Current Projects
dynamics of spontaneous cortical activity
We use a combination of two-photon imaging, whole cell recordings, real-time control, and computational modeling to characterize how the functional connectivity of neural networks leads to emergent network behavior in neocortex.
Computational Neuroscience
We use computational models as detailed, experimentally falsifiable hypotheses of physiological function. Our published models include studies of ion channels, single-neuron computation, self-organization in neural networks, and glial calcium transients.
Neuronal Synchronization
Activity in the brain is noisy but highly organized. Particularly notable are brain “rhythms,” generated by rhythmically modulated activity of neurons and readily detectable in the EEG. Using a combination of electrophysiology, computational modeling and theoretical frameworks, we study the mechanisms underlying theta and gamma oscillations.

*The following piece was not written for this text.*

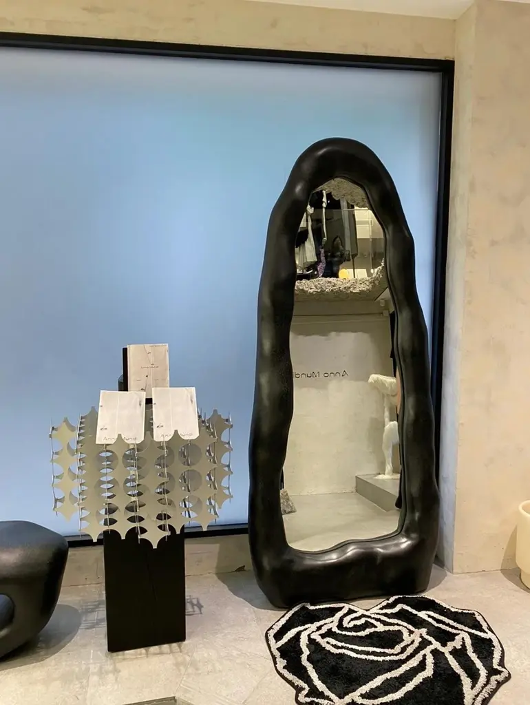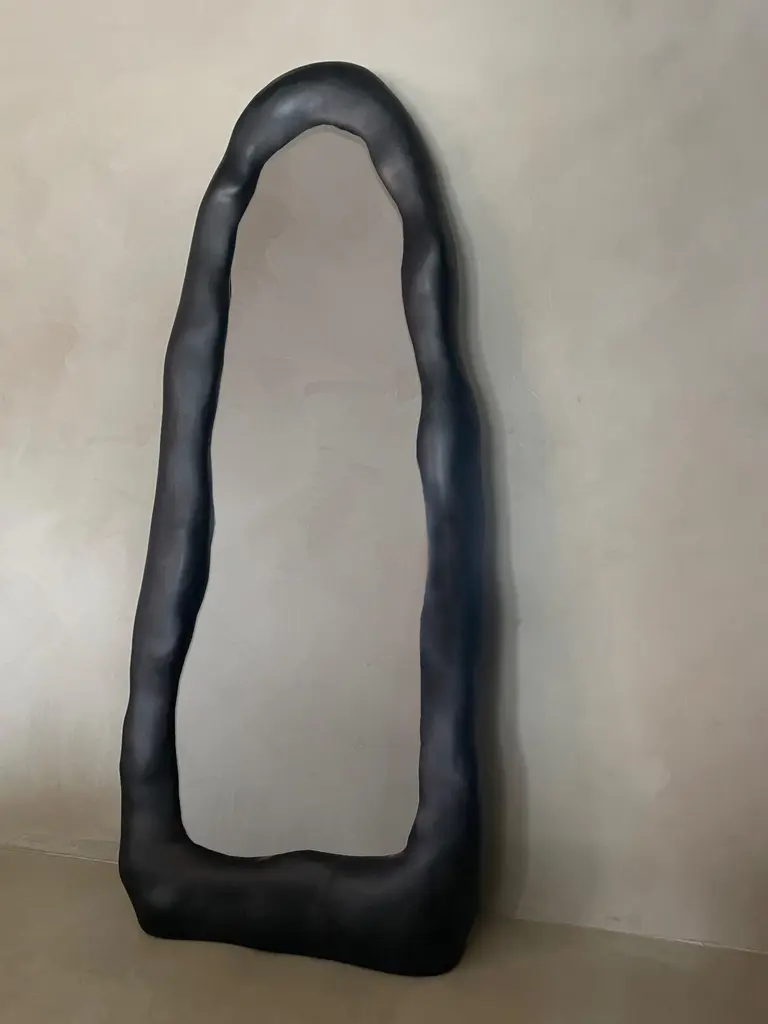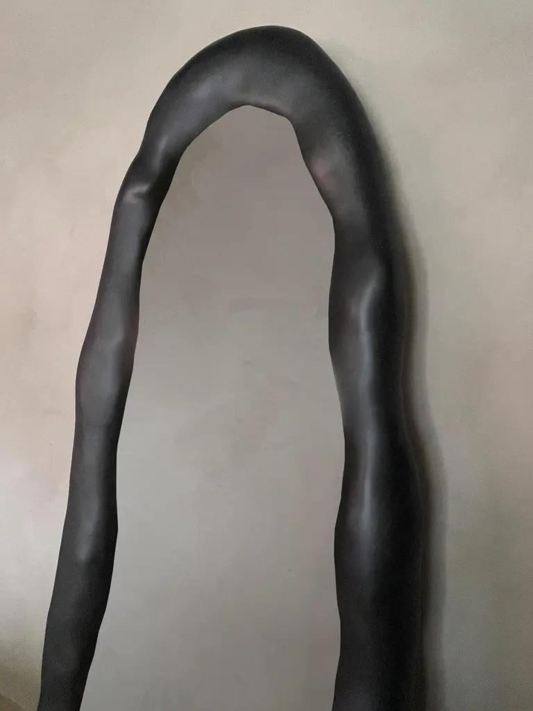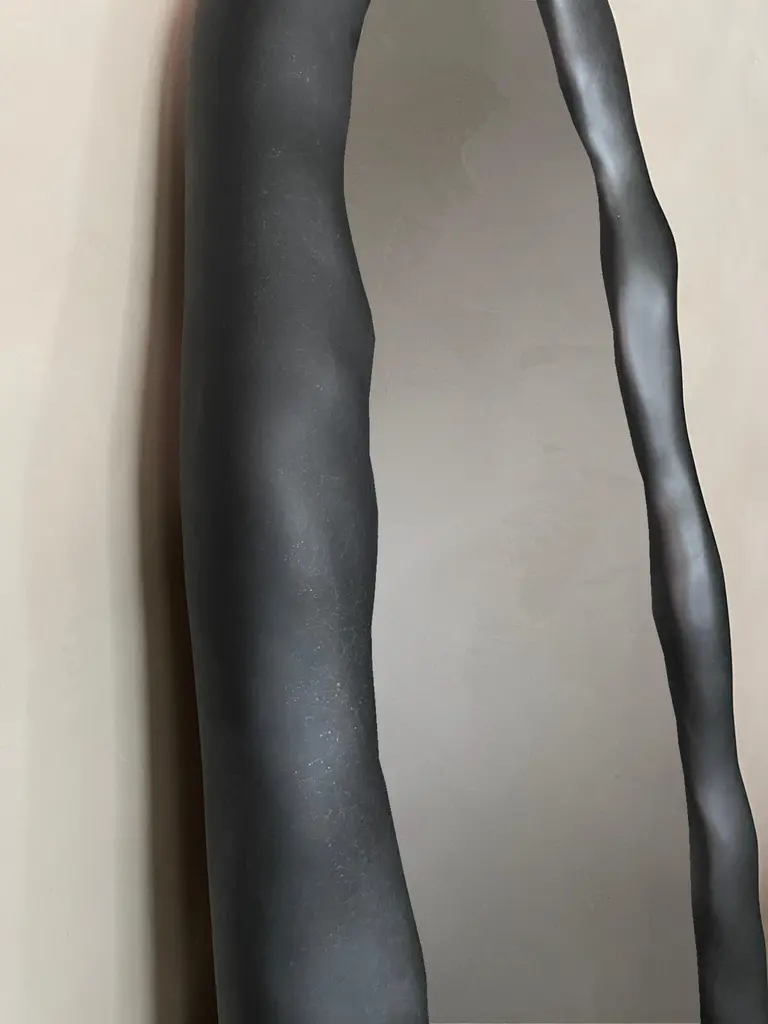 Black knead mirror by karMaterials: FiberglassDimensions: W 80 x D 22 x H 193 cmKnead mirror preserves the handmade traces of clay-kneading, and the hand-polishedtexture captures the aesthetic and emotion of creation. The mirror is narrowed from thebottom to the top, and the bottom is beveled flat for stability when placed against the wall.When decorating our showroom, we realized that the mirror is an essential part of thedecor. Just as people nowadays concern more with the unique taste and spirit of thefurniture than only its practicality, the mirror could become a significant piece of artwork in the space, rather than simply reflecting one’s appearance.Knead mirror adds fun and a sense of beauty to any space, whether it is placed in a clothing store or one’s own home, and it can present the owner’s aesthetics and personality.Kar- is the root of Sanskrit Karma, meaning karmic repetition. We seek the cause and effect in aesthetics, inspired from the past, the present, and the future, and we create.The creation journey base on sensibility, we aim to convey emotion through the creation. From the very first kneading, the designer's current emotion, either joy or sorrow, affects the strength and trace on the clay. The overall edges and the lines are inornate and plainness, representing a true emotion, "not by intention".Due to the use of this organic material, the finish will have irregularities, those are not imperfections but part of the visual will of the designers and makers.

Tools for electrophysiology and imaging
Tool-building is an essential part of our efforts. We have developed computer systems for virtual-reality-inspired electrophysiology, mouse lines for calcium imaging, and scanning methods for high-speed imaging of user-identified cells.
Hippocampal population dynamics underlying memory processing
Using electrophysiology, two-photon calcium imaging, and real-time optogenetics, we are studying hippocampal network activity underlying memory processing. Moreover, we are interested in identifying effective stimulation strategies for modulation of memories in animal models.
Effects of anesthesia on neuronal network dynamics
Despite extensive use of anesthesia for research and clinical purposes, the underlying network mechanisms are poorly understood. Using two-photon calcium imaging, voltage indicators, and computational modeling, our lab is investigating network dynamics underlying awake and anesthesized brain states.